(Data records)
⟨
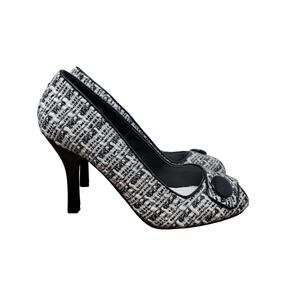 Chinese Laundry Cutie Tweed Kid Fabric Button Heels 7.5
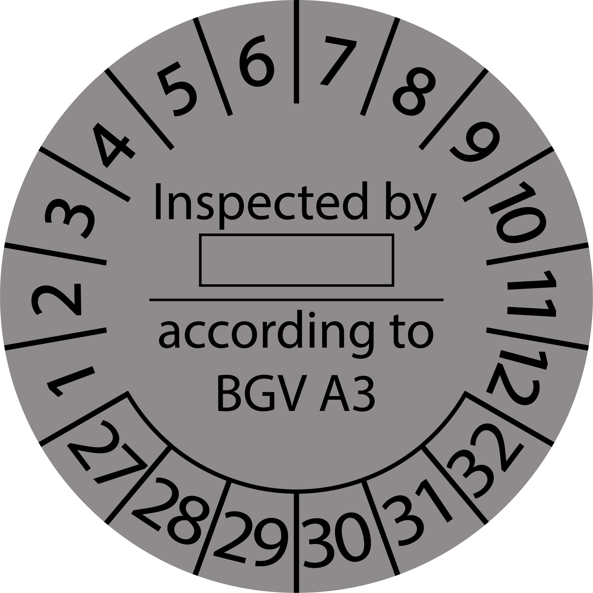 Mehrjahresprüfetiketten, Inspected by ..., according to BGV A3, Startjahr: 2027
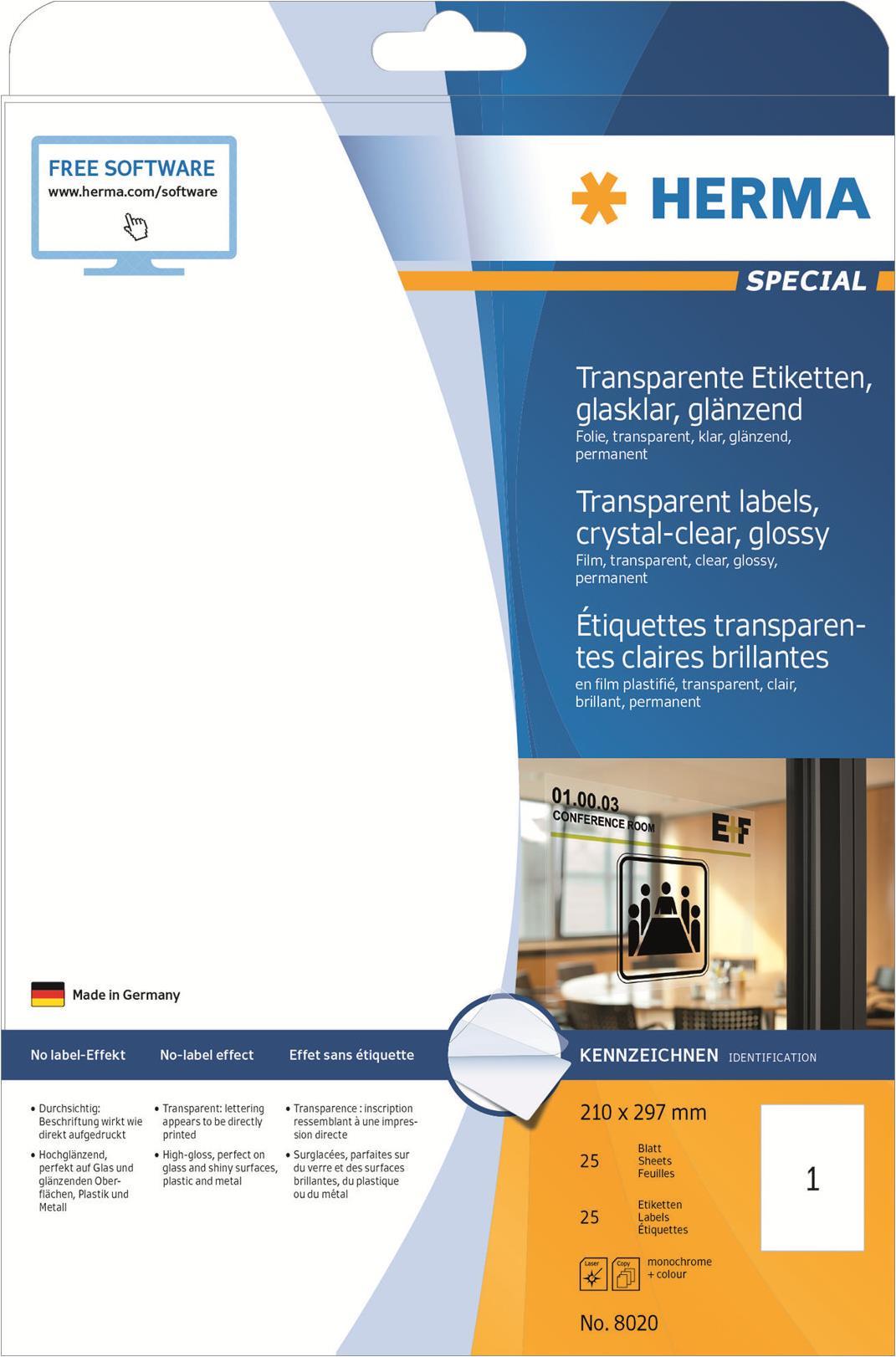 HERMA Special - Selbstklebende Glanzfolie - durchsichtig - A4 (210 x 297 mm) - 25 Stck. (8020)
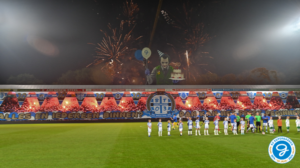 Het was gisterenavond een feestelijke avond op de Vijverberg. Niet alleen wonnen de Superboeren de Blauwwitte clash van FC Eindhoven, maar boven al vierde de Brigata Tifosi, de fanatieke supportersgroep, met een aantal ongekende sfeeracties, haar 20e-jarige verjaardag.
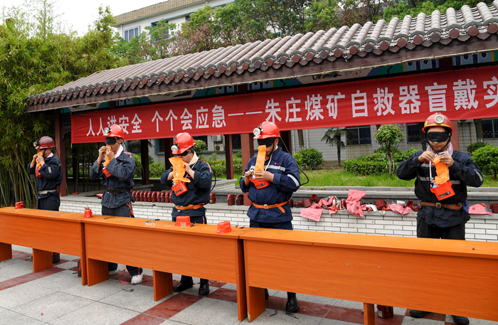 朱莊礦開展“自救器盲戴練兵”活動,確保職工遇到險情時能夠快速、準確、安全地使用自救器(張宗風 攝)
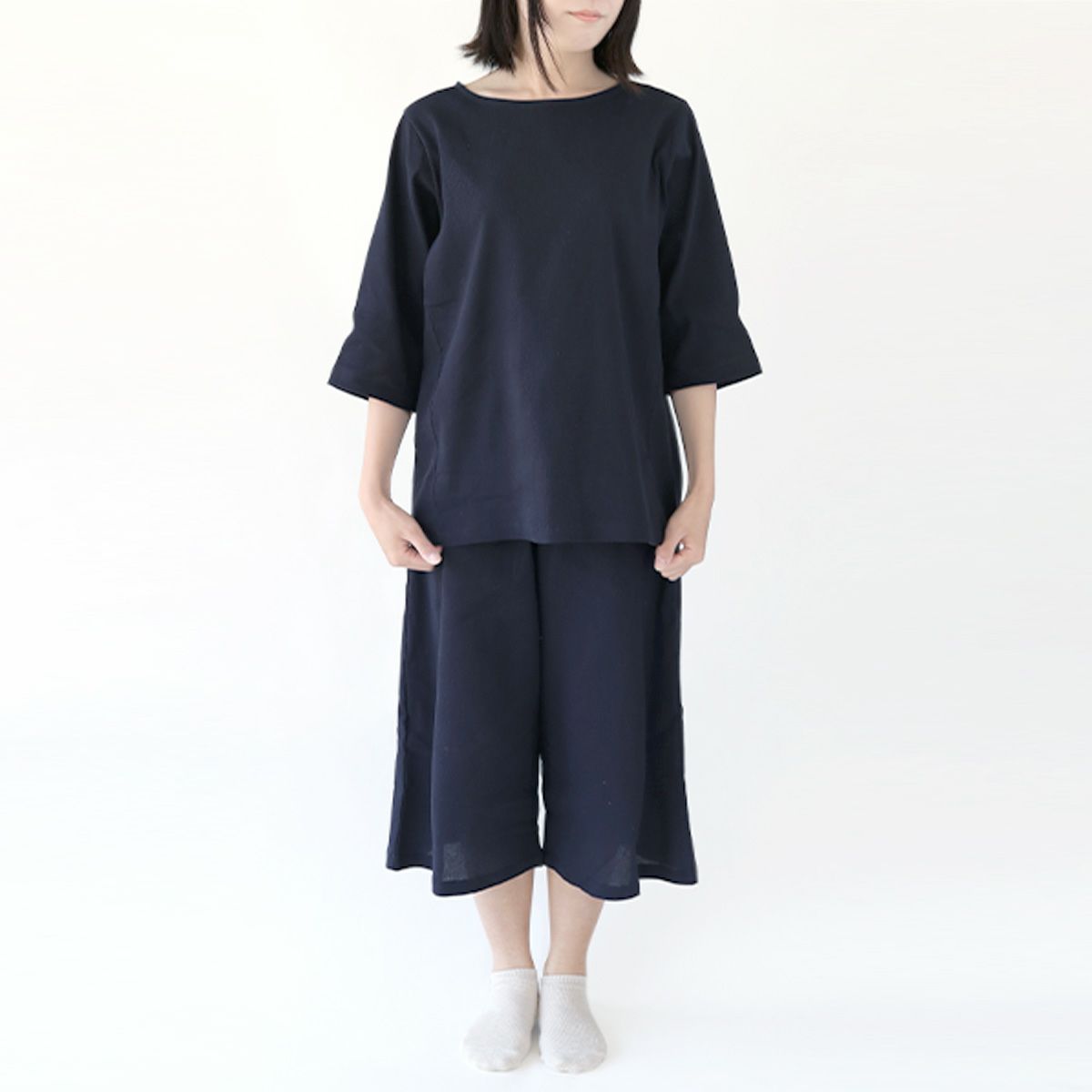 腕や足がエアコンや扇風機で寒すぎないよう、少し長めの丈感に。
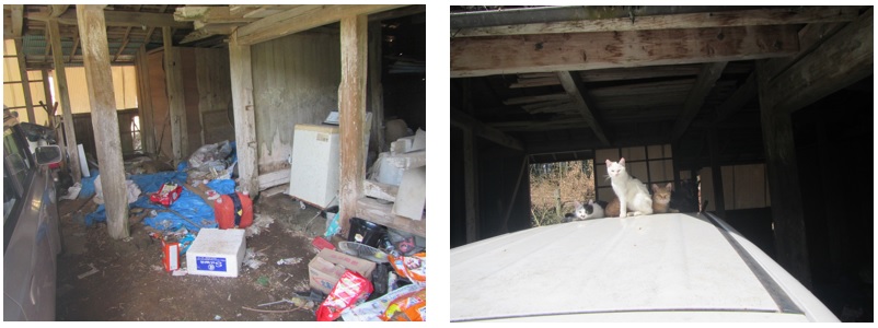 - 以前から放置されているゴミ等はそこまで減っていないが、猫用のトイレや餌場を設けて適正飼養に向けての努力がみられ、トイレや餌場の設置により手術前からすると改善されてきている。
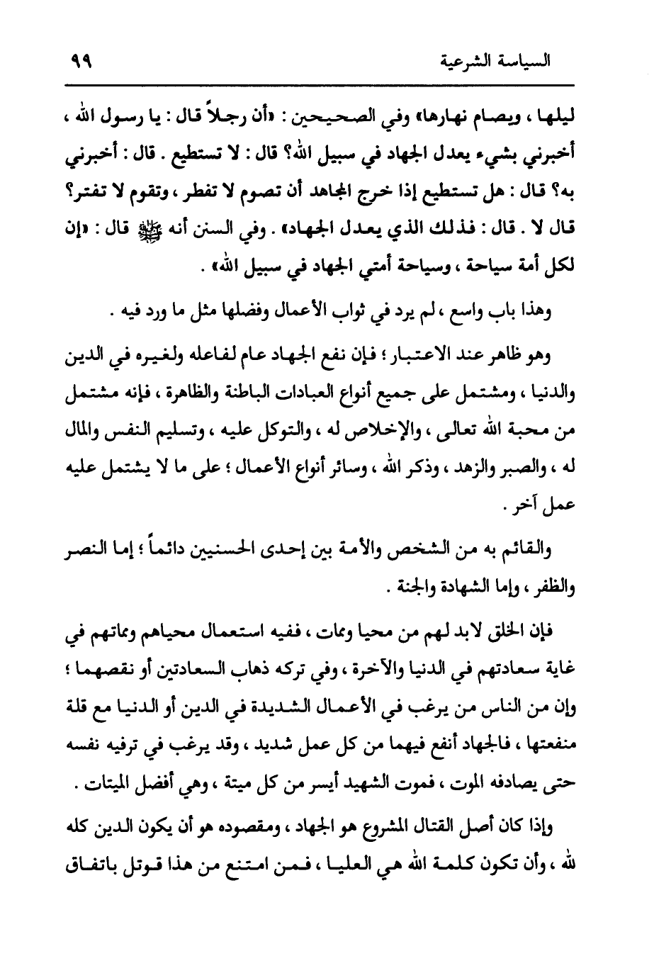 لَيْلُهَا، وَيُصَامُ نَهَارُهَا» وَفِي الصَّحِيحَيْنِ: «أَنَّ رَجُلًا قَالَ: يَا رَسُولَ اللَّهِ، أَخْبِرْنِي بِشَيْءٍ يَعْدِلُ الْجِهَادَ فِي سَبِيلِ اللَّهِ؛ قَالَ: لَا تَسْتَطِيعُ. قَالَ: أَخْبَرَنِي بِهِ؛ قَالَ: هَلْ تَسْتَطِيعُ إذَا خرج المجاهد أن تصوم لا تفطر، وتقوم لا تَفْتُرَ؟ قَالَ لَا. قَالَ: فَذَلِكَ الَّذِي يَعْدِلُ الْجِهَادَ ". وَفِي السُّنَنِ أَنَّهُ صَلَّى اللَّهُ عَلَيْهِ وَسَلَّمَ قَالَ " إنَّ لِكُلِّ أُمَّةٍ سِيَاحَةً، وَسِيَاحَةُ أُمَّتِي الْجِهَادُ فِي سَبِيلِ اللَّهِ» . وَهَذَا بَابٌ وَاسِعٌ، لَمْ يَرِدْ فِي ثَوَابِ الْأَعْمَالِ وَفَضْلِهَا مثل ما ورد فيه. وهو ظَاهِرٌ عِنْدَ الِاعْتِبَارِ؛ فَإِنَّ نَفْعَ الْجِهَادِ عَامٌّ لِفَاعِلِهِ وَلِغَيْرِهِ فِي الدِّينِ وَالدُّنْيَا، وَمُشْتَمِلٌ عَلَى جميع أنواع العبارات الباطنة والطاهرة، فَإِنَّهُ مُشْتَمِلٌ مِنْ مَحَبَّةِ اللَّهِ تَعَالَى، وَالْإِخْلَاصِ لَهُ، وَالتَّوَكُّلِ عَلَيْهِ، وَتَسْلِيمِ النَّفْسِ وَالْمَالِ لَهُ، وَالصَّبْرِ وَالزُّهْدِ، وَذِكْرِ اللَّهِ، وَسَائِرِ أَنْوَاعِ الْأَعْمَالِ؛ عَلَى مَا لَا يَشْتَمِلُ عَلَيْهِ عَمَلٌ آخَرُ. والقائم به من الشخص والأمن أن إحْدَى الْحُسْنَيَيْنِ دَائِمًا؛ إمَّا النَّصْرُ وَالظَّفَرُ، وَإِمَّا الشهادة والجنة. فإن الْخَلْقَ لَا بُدَّ لَهُمْ مِنْ مَحْيَا وَمَمَاتٍ، فَفِيهِ اسْتِعْمَالُ مَحْيَاهُمْ وَمَمَاتِهِمْ فِي غَايَةِ سَعَادَتِهِمْ فِي الدُّنْيَا وَالْآخِرَةِ، وَفِي تَرْكِهِ ذَهَابُ السَّعَادَتَيْنِ أو نقصهما؛ وإن من الناس من يركب فِي الْأَعْمَالِ الشَّدِيدَةِ فِي الدِّينِ أَوْ الدُّنْيَا مَعَ قِلَّةِ مَنْفَعَتِهَا، فَالْجِهَادُ أَنْفَعُ فِيهِمَا مِنْ كل عمل شديد، وقد يرغب في ترفيه نَفْسِهِ حَتَّى يُصَادِفَهُ الْمَوْتُ، فَمَوْتُ الشَّهِيدِ أَيْسَرُ مِنْ كُلِّ مَيْتَةٍ، وَهِيَ أَفْضَلُ الْمَيْتَاتِ. وَإِذَا كَانَ أَصْلُ الْقِتَالِ الْمَشْرُوعِ هُوَ الْجِهَادُ، وَمَقْصُودُهُ هُوَ أَنْ يَكُونَ الدِّينُ كُلُّهُ لِلَّهِ، وَأَنْ تَكون كلمة الله هي العليا، فمن امتنع من هَذَا قُوتِلَ بِاتِّفَاقِ
⟩
_PROMPT_
Give again, word for word, every line from the top of the data through the line with "- 以前から放置されているゴ", both ends included, and exclude the pictures.

_WRITTEN REPLY_
 Chinese Laundry Cutie Tweed Kid Fabric Button Heels 7.5
 Mehrjahresprüfetiketten, Inspected by ..., according to BGV A3, Startjahr: 2027
 HERMA Special - Selbstklebende Glanzfolie - durchsichtig - A4 (210 x 297 mm) - 25 Stck. (8020)
 Het was gisterenavond een feestelijke avond op de Vijverberg. Niet alleen wonnen de Superboeren de Blauwwitte clash van FC Eindhoven, maar boven al vierde de Brigata Tifosi, de fanatieke supportersgroep, met een aantal ongekende sfeeracties, haar 20e-jarige verjaardag.
 朱莊礦開展“自救器盲戴練兵”活動,確保職工遇到險情時能夠快速、準確、安全地使用自救器(張宗風 攝)
 腕や足がエアコンや扇風機で寒すぎないよう、少し長めの丈感に。
 - 以前から放置されているゴミ等はそこまで減っていないが、猫用のトイレや餌場を設けて適正飼養に向けての努力がみられ、トイレや餌場の設置により手術前からすると改善されてきている。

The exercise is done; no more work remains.